Some of the most common types of family therapy include:
- to provide useful information, to better understand a mental health disorder
- to explain and support medication and treatments
- to offer training and support in self-help and self-care skills
- to provide a safe space to release emotional frustrations.
All types of family therapy are designed to help families improve communication, develop healthy problem-solving and coping skills, and enhance their sense of connection to one another.
There is no single form of family therapy that is distinctly advantageous over another, although some modalities may be better suited to certain problems than others. Studies have repeatedly shown that families who attend therapy together report better life outcomes than those who do not, so any type of family therapy will be of benefit to those seeking to improve family relationships and dynamics.
What are the benefits of Family Therapy
Families can benefit in many ways from attending therapy together, when specific circumstances are putting a strain on family relationships and disrupting harmony within the family unit.
By providing a safe and open environment, family therapy can support families in addressing and overcoming a wide variety of issues, including divorce, death of a loved one, financial difficulties, and major transitions. This holistic approach has also proven highly effective in treating a range of mental health conditions that impact a family as a whole, such as depression, substance abuse or addiction, food issues and anxiety disorders.

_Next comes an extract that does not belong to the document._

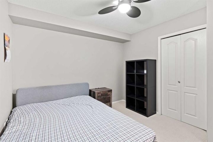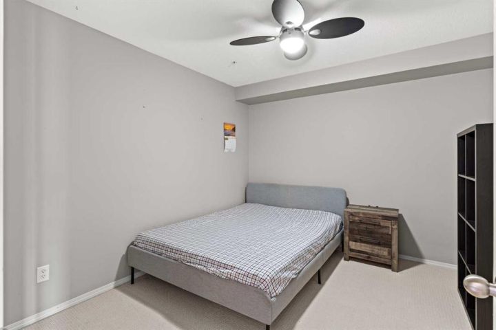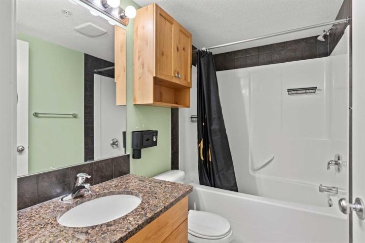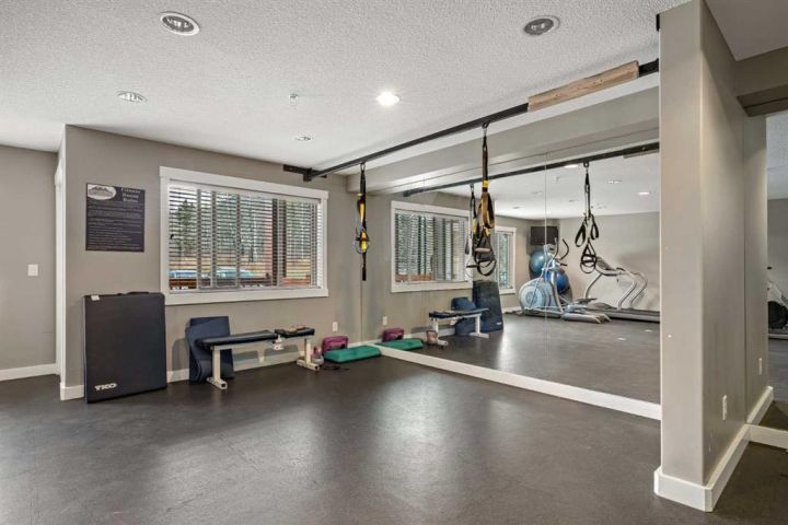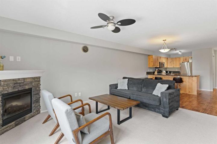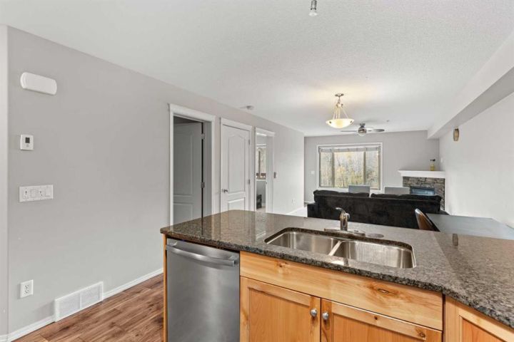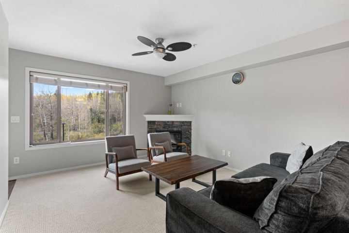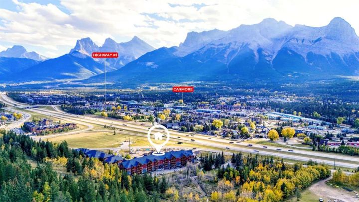 Wake up to uninterrupted mountain panoramas in this bright, refined 1-bedroom + den residence in Canmore. Elevated on the 3rd floor, the home is perfectly positioned to capture all-day natural light and sweeping Rocky Mountain views that frame every room. The gourmet kitchen, finished with granite countertops, seamlessly integrates with the dining and living areas, extending onto a private balcony where the mountains feel impossibly close. The primary bedroom enjoys the same breathtaking outlook, while the spacious den offers an ideal home office, reading room, or additional guest space. Convenience is unmatched with an outdoor parking stall steps from the entrance and an oversized 11' x 7' heated storage locker—one of the largest in the building. The community enhances your lifestyle with a fully equipped fitness centre, children’s playground, dog park, and workshop, along with direct access to scenic trails that define the Canmore experience. Secure underground parking adds an extra layer of comfort, and residents enjoy exceptional amenities including a modern fitness facility, ski and snowboard tuning room, carpentry room, and a welcoming common lounge perfect for gatherings and celebrations. This is more than a home—it’s a luxury vantage point to the Rockies and a gateway to the Canmore lifestyle.

With guidance and support from a trained therapist, family therapy benefits families by helping them to:
- identify and reduce sources of conflict and stress within the family, that are disrupting the family’s functioning and efficiency
- reestablish and improve communication between family members
- understand how personal actions affect the entire family – and vice versa
- find ways for healthier expression of difficult emotions
- better understand each other’s experiences and perspectives
- work on acceptance and forgiveness
- understand and respect the points of view and opinions of other family members
- appreciate and value each other’s needs
- develop a deeper sense of empathy, honesty and trust towards one another
- develop and maintain healthy, clear boundaries – preventing codependency
- identify and improve family patterns and dynamics
- learn and promote problem-solving skills and coping skills
- learn healthy conflict resolution skills
- build on family strengths to develop a more supportive family environment and to strengthen bonds
- bring back and support family members who may have been isolated.
Family therapy helps family members, caregivers and friends to better understand and support each other. It helps to significantly reduce family conflict and provides a valuable range of skills and tools that families can use during therapy and well into the future.
For the process to be truly beneficial, it is essential that all family members keep an open mind, are ready to address the issues that are impacting their family, and willing to make the necessary changes to heal and restore balance.